Она взяла цветы и уставилась на них с ошарашенным видом. Потом подняла глаза на него.
— Подарок, — сказал он и пожал плечами.
— Сил! Поставь их в воду.
Этот новый голос был низким и приятным. Питер взглянул вправо и увидел вторую девушку из компании художников, стоящую в дверях гостиной. Теперь на ней были джинсы и кофта, на щеке еще виднелась зеленая полоска краски. Косу она расплела, рассыпав по плечам густой занавес темных волос.
— Привет, — сказал Питер. «Это ошибка, — подумал он. — Они живут вместе? Означает ли это, что я думаю?»
— Она из очень строгой семьи, — недружелюбно сказала другая девушка. — Есть множество вещей, которых она не знает. Иди, поставь их в банку с водой, Сил.

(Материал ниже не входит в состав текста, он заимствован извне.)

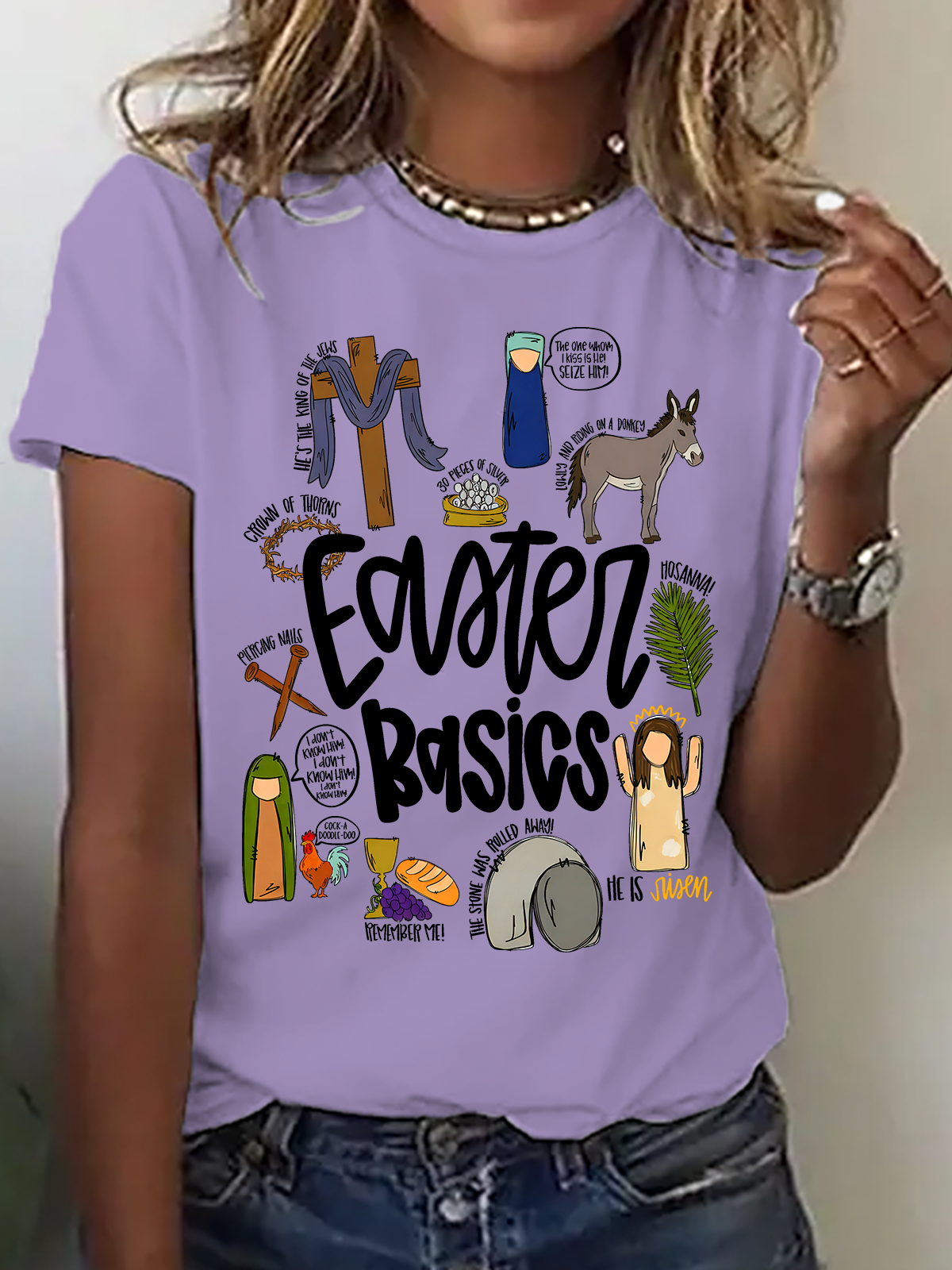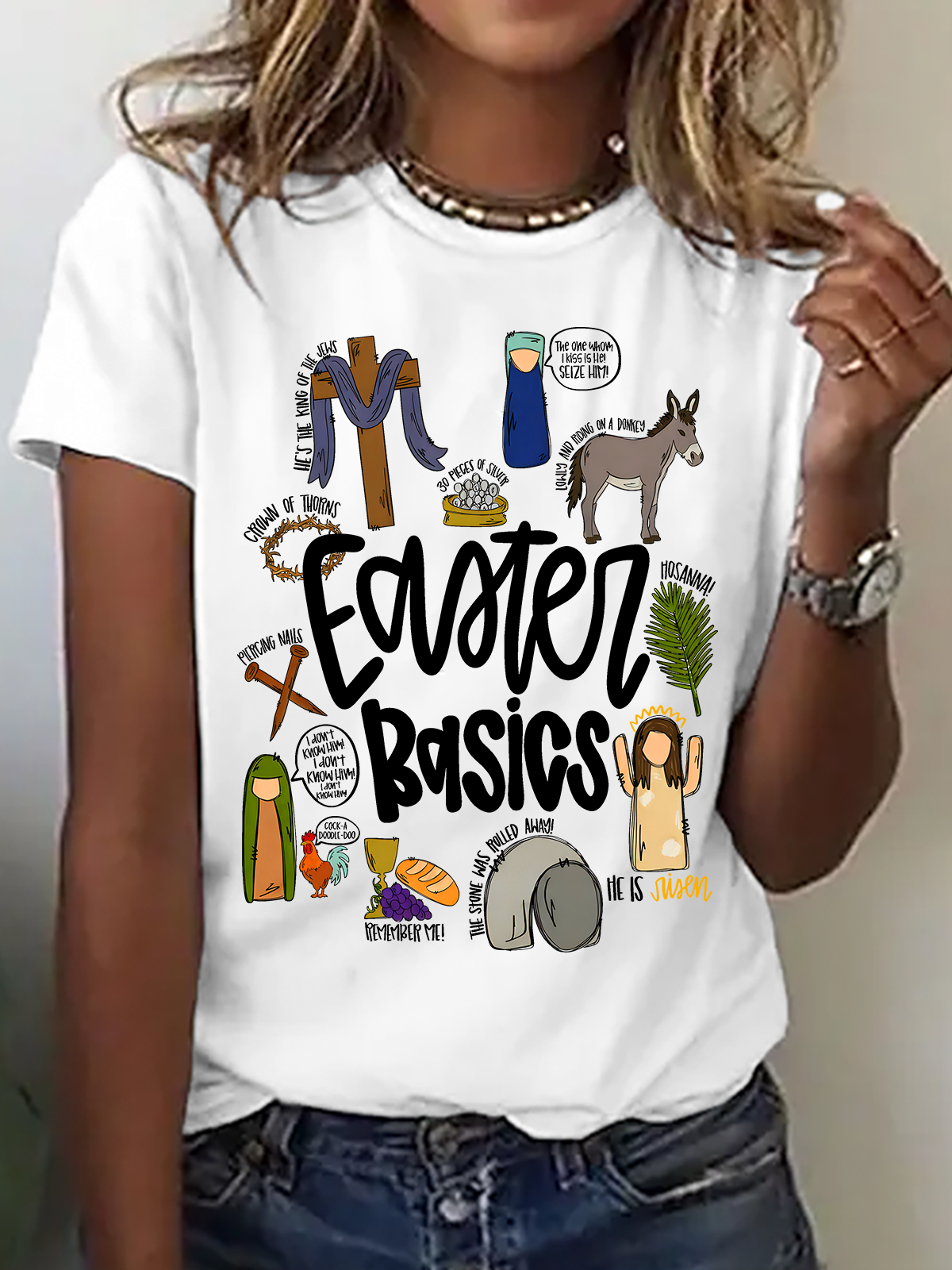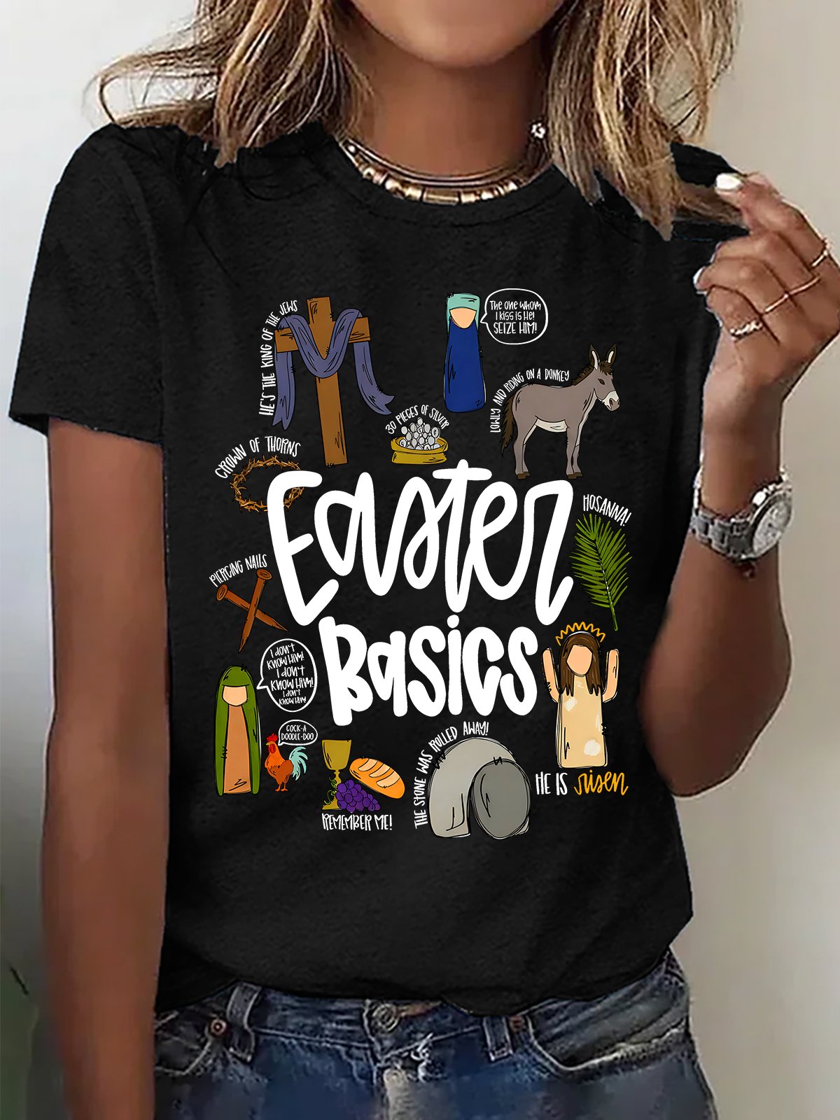 Easter Basics Easter Story On The Third Day He Rose Cotton T-Shirt
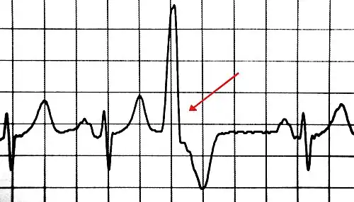 Una contracción ventricular prematura, marcada con una flecha. | ||
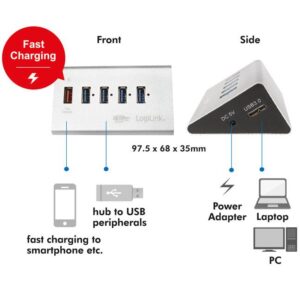 Hub USB3.0 5 Porte in Alluminio con Ricarica Veloce
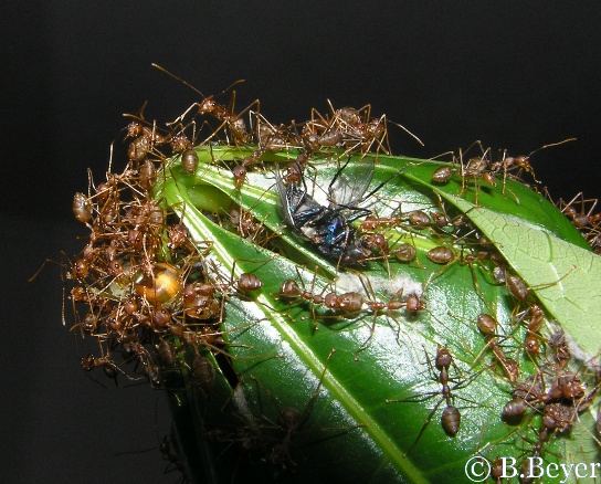 Mit beeindruckender Geschwindigkeit ging es vorwärts, einzelne Blätter waren bereits nach einigen Stunden zusammengebracht und so rückten die ersten Arbeiterinnen-Kolonnen mit Larven an. Ein nächster erstaunlicher Punkt bei dieser Art: Normalerweise würden sich die Larven in einen Kokon einwickeln, in dem sie die Metamorphose zum adulten Insekt vollziehen. Bei den Weberameisen spielt dieses Entwicklungsstadium jedoch eine entscheidende Rolle beim Nestbau. Sie spenden den "Klebstoff", um die Blätter ihrer zukünftigen Behausung zu verbinden. Die Larven werden zwischen den Mandibeln gehalten und mit den Antennen betrillert, welches sie veranlasst ihr seidiges Sekret abzugeben. Mit seitlichen Bewegungen zwischen den Blatträndern hin und her wird das Nest nun verwoben und erhält seine Stabilität. Doch in der Natur geschieht nichts aus reiner Selbstlosigkeit, denn in diesem Nest werden auch die Larven einen Platz finden, der ihnen Sicherheit bietet und wo sie versorgt werden.
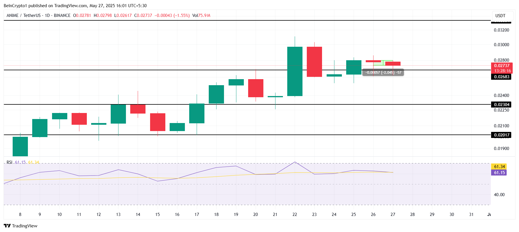 • Anime pysyy vakaana yli 0,0268 dollarin tukitason, ja RSI osoittaa nousuvaraa; epäonnistuminen voi laskea sen 0,023 dollariin.
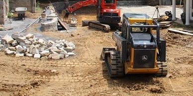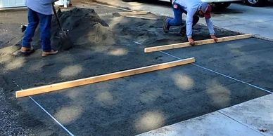 First, we mark the area for existing utilities. Next, our crews remove your existing hardscaping, including plants or other materials, being careful not to damage any existing utility lines, irrigation systems, or plants. We typically excavate 7” from the final grade for patios and 10” for driveways, which gives us adequate room for base rock, bedding sand, and pavers.
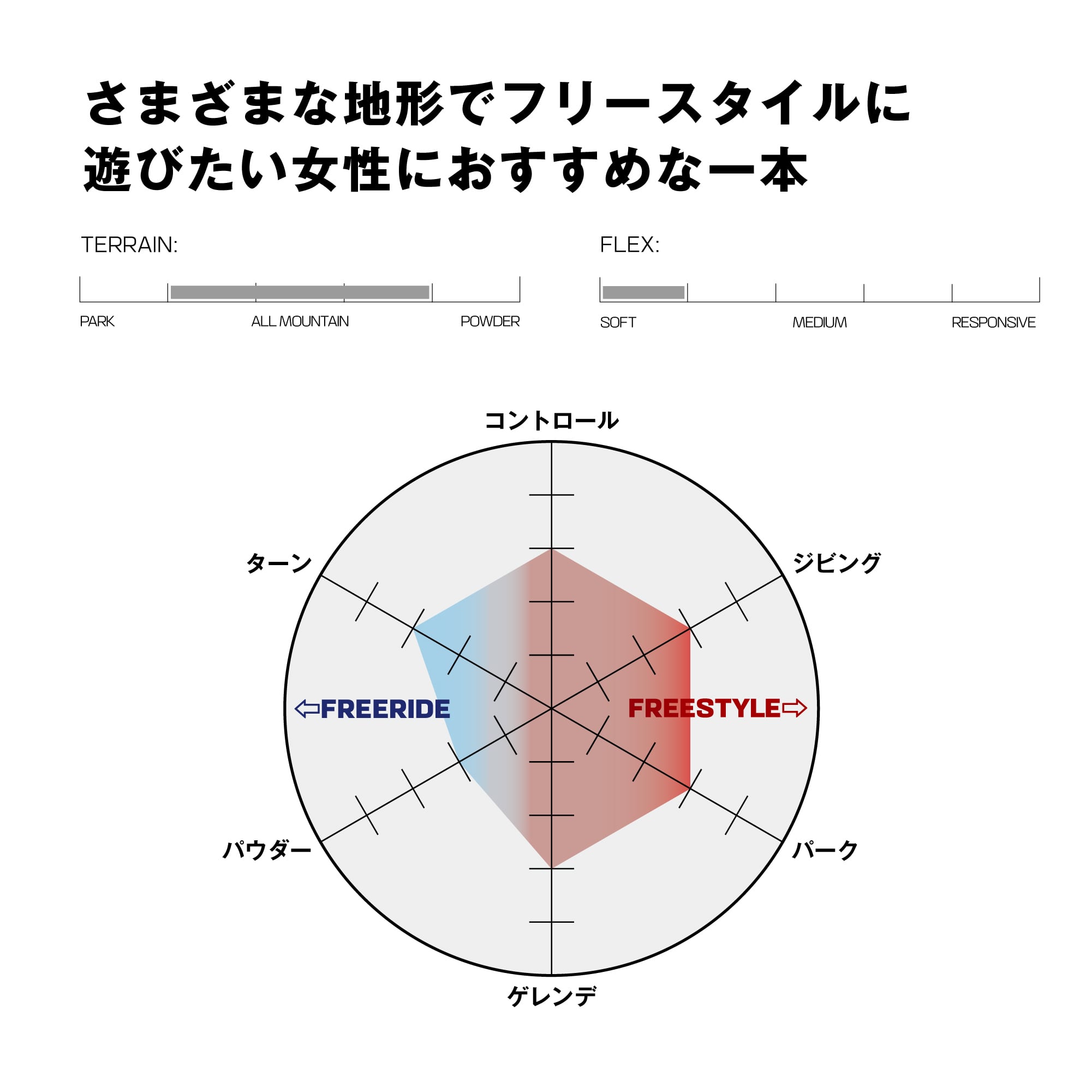 ◇ REFLECT WOMENは見た目のクールさもさることながら、乗ったその日から上達に導くフラットアウトキャンバーシェイプやバイトフリーエッジを搭載しているので転ぶ回数も減るかもしれない。様々な地形でフリースタイルな遊びを取り入れたい女性に手にしてもらいたい一本となっています。

Сильвия поджала губы и исчезла в холле. Другая девушка подошла поближе к двери и сказала:
— Знаешь, она такая… это не девушка на один день, понял?
Питер с раздражением прикинул, стоит ли ему возмутиться. Он не нуждался в том, чтобы ему объясняли очевидное. Что она себе думает, у него мозгов нет? Лучше уж он сам все для себя выяснит.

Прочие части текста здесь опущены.